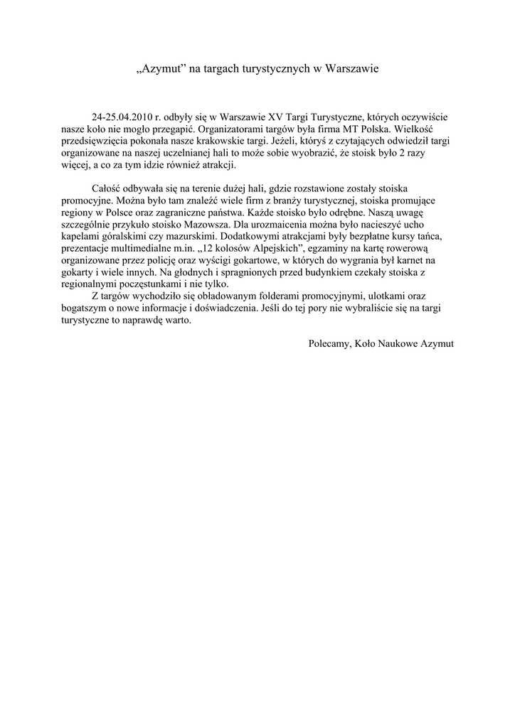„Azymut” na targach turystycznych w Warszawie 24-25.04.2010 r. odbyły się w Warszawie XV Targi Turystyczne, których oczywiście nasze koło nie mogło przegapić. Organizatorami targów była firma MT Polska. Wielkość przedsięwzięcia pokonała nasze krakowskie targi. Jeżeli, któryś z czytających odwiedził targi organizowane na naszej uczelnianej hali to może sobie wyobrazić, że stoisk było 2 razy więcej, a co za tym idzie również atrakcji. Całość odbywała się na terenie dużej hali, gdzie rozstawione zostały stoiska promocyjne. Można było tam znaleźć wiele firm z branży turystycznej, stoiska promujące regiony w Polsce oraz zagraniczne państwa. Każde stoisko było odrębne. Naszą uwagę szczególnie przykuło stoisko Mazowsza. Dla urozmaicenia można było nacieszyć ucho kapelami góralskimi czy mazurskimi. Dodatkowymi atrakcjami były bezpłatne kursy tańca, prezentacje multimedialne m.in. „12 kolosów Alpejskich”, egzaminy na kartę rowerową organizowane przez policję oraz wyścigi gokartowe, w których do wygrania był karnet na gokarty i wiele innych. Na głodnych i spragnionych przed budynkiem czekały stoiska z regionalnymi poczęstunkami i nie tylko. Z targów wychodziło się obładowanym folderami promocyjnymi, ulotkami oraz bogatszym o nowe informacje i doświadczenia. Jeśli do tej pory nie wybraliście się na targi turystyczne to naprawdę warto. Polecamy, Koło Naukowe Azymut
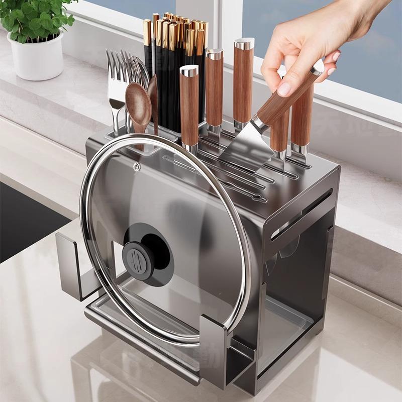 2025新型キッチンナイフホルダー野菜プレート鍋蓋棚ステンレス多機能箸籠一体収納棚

----

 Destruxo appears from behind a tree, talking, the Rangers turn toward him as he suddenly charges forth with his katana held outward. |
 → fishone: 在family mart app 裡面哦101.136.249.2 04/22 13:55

----

▶ [REQUIREMENT]: Using the data above, set down each line from the line with "Koło Naukowe Azymut" to the line with "2025新型キッチンナイフホ" exactly, both ends included, and leave the pictures behind. Nothing else belongs.

▶ [EXPECTED ANSWER]:
„Azymut” na targach turystycznych w Warszawie 24-25.04.2010 r. odbyły się w Warszawie XV Targi Turystyczne, których oczywiście nasze koło nie mogło przegapić. Organizatorami targów była firma MT Polska. Wielkość przedsięwzięcia pokonała nasze krakowskie targi. Jeżeli, któryś z czytających odwiedził targi organizowane na naszej uczelnianej hali to może sobie wyobrazić, że stoisk było 2 razy więcej, a co za tym idzie również atrakcji. Całość odbywała się na terenie dużej hali, gdzie rozstawione zostały stoiska promocyjne. Można było tam znaleźć wiele firm z branży turystycznej, stoiska promujące regiony w Polsce oraz zagraniczne państwa. Każde stoisko było odrębne. Naszą uwagę szczególnie przykuło stoisko Mazowsza. Dla urozmaicenia można było nacieszyć ucho kapelami góralskimi czy mazurskimi. Dodatkowymi atrakcjami były bezpłatne kursy tańca, prezentacje multimedialne m.in. „12 kolosów Alpejskich”, egzaminy na kartę rowerową organizowane przez policję oraz wyścigi gokartowe, w których do wygrania był karnet na gokarty i wiele innych. Na głodnych i spragnionych przed budynkiem czekały stoiska z regionalnymi poczęstunkami i nie tylko. Z targów wychodziło się obładowanym folderami promocyjnymi, ulotkami oraz bogatszym o nowe informacje i doświadczenia. Jeśli do tej pory nie wybraliście się na targi turystyczne to naprawdę warto. Polecamy, Koło Naukowe Azymut
 2025新型キッチンナイフホルダー野菜プレート鍋蓋棚ステンレス多機能箸籠一体収納棚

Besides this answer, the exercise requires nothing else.